When Facebook bought Instagram, it assured users that it would keep the photo-sharing service separate from Facebook proper, especially as it pertained to advertising. But that self-erected wall has crumbled somewhat since Facebook released ad tech server Atlas earlier this fall.
Atlas was greeted with much fanfare as many heralded it as a way to finally track users and target ads across devices. And one little-talked about advantage to Atlas is that it will ultimately function as a bridge between Instagram and Facebook itself, offering advertisers a way to measure campaigns across both platforms.
The capability is a huge selling point for both Instagram and Atlas, two increasingly important components in Facebook’s ongoing strategy to extend its ads business beyond just Facebook. The former is the increasingly popular mobile app that’s scaling an ads business and the later is the not-yet popular ad measurement tool that Facebook hopes will prove to marketers that their Instagram (and Facebook) ads are working, and in turn, sell more ads.
Using the two in conjunction offers a compelling solution: Quantify whether brand ads — geared to toward the decidedly qualitative goal of changing a brand’s perception — can have an impact on sales, specifically offline. But it also marks a stark step away from previous assurances that Instagram would not share user data beyond Instagram.
“The current way we measure digital is flawed,” Facebook’s vp of ad technology Brian Boland told a group of reporters on Wednesday. Rather than trying to sell marketers on click-through rate, Facebook is now trying to sell them on the value of impressions and subsequent sales lift via Atlas and its partnership with Datalogix, a firm that collects people’s offline purchase data.
Instagram has long positioned itself exclusively as an upper-funnel, brand advertising platform, saying that it wanted to serve nothing less than magazine-caliber photo ads and holding marketers to rigorous quality standards.

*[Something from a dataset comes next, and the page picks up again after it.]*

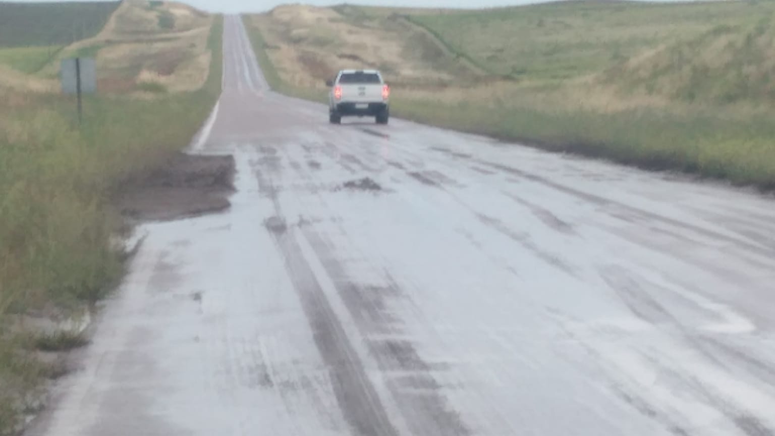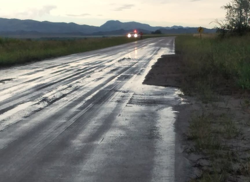 El cuerpo de bomberos voluntarios de la localidad solicita extrema atención a los conductores en la zona del establecimiento «Las Quebradas», donde las lluvias torrenciales afectaron la calzada.

Atlas, at least theoretically, lets Instagram maintain that position while tracking users’ activity after they see an Instagram ad and down the purchase funnel.
Facebook toyed this past summer with more closely integrating Facebook and Instagram when it allowed Mercedes-Benz, one of the first brands to start running ad campaigns on the platform, to target users across Instagram and Facebook and test which photos performed better on each platform.

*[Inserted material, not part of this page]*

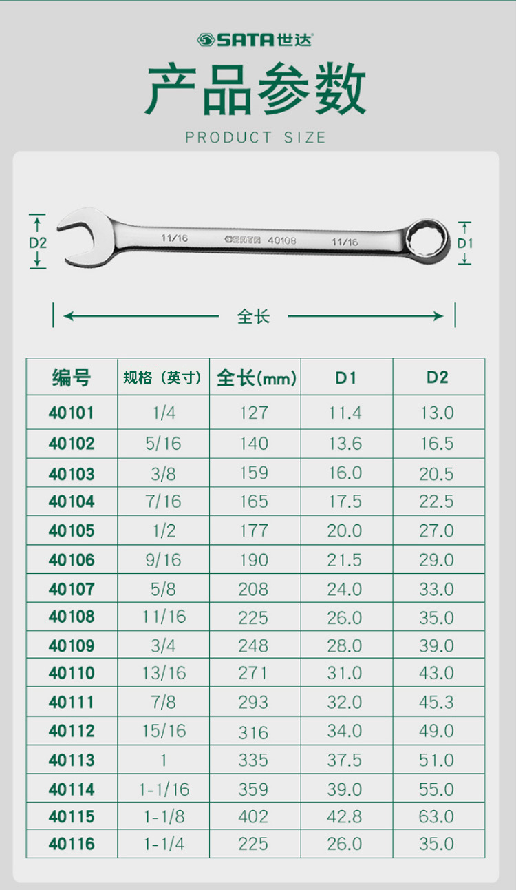 SATA 40114 Inglés llave de doble propósito totalmente pulido

That marked a departure from a previous promise from Instagram co-founder Mike Krieger that users’ data would be kept in a “silo” and not used for ad targeting purposes. And Instagram users kicked up a firestorm two years ago when the platform changed its terms of services such that it could share information with Facebook and use Instagram users’ photos in advertisements. Instagram quickly backpedaled, saying users own their photos, but that data on whom they follow on the platform could be used for targeting purposes.

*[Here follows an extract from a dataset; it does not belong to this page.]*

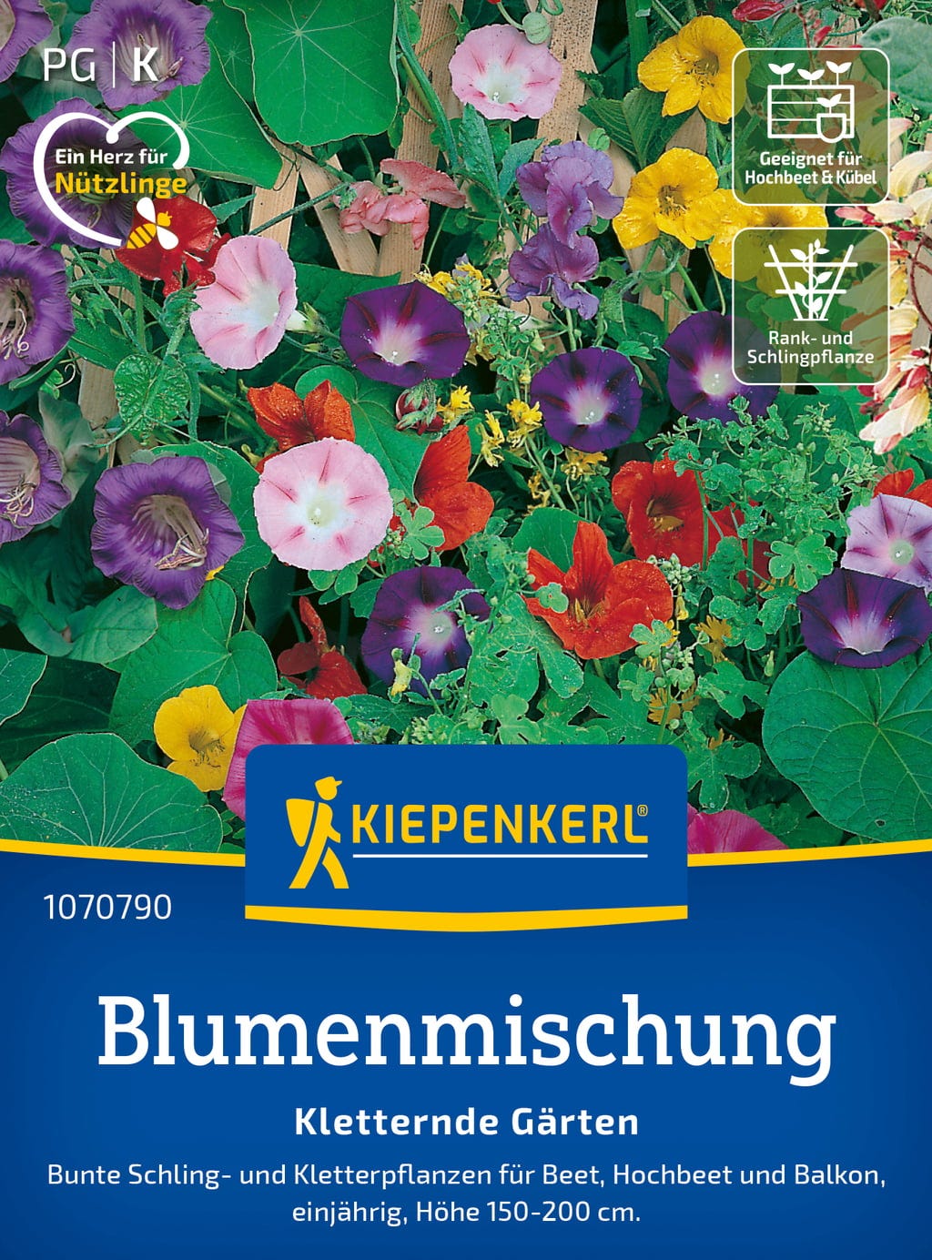 Seja como uma proteção visual natural e colorida ou como um destaque vibrante, esta mistura de flores encanta com a sua variedade de diferentes plantas trepadoras e volúveis de crescimento rápido. Ideal para treliças, pérgulas, vedações e suportes de escalada.

Marketers using Atlas to track Instagram users is unlikely to cause that level of furor, however, because it’s a piece of back-end technology that users are unaware of unless they spend their free time boning up on ad tech.
And while it may rankle some, it’s exactly what marketers want. When Omnicom announced a partnership with Instagram earlier this March that could ultimately be worth $100 million in ad spend, developing an ad tracking component was a central part of the deal. Instagram, by itself, could only track which photos its users like and which accounts they follow. There was no insight into what Instagram users did outside of Instagram.
Now, Atlas gives marketers exactly that, all the way to check-out line.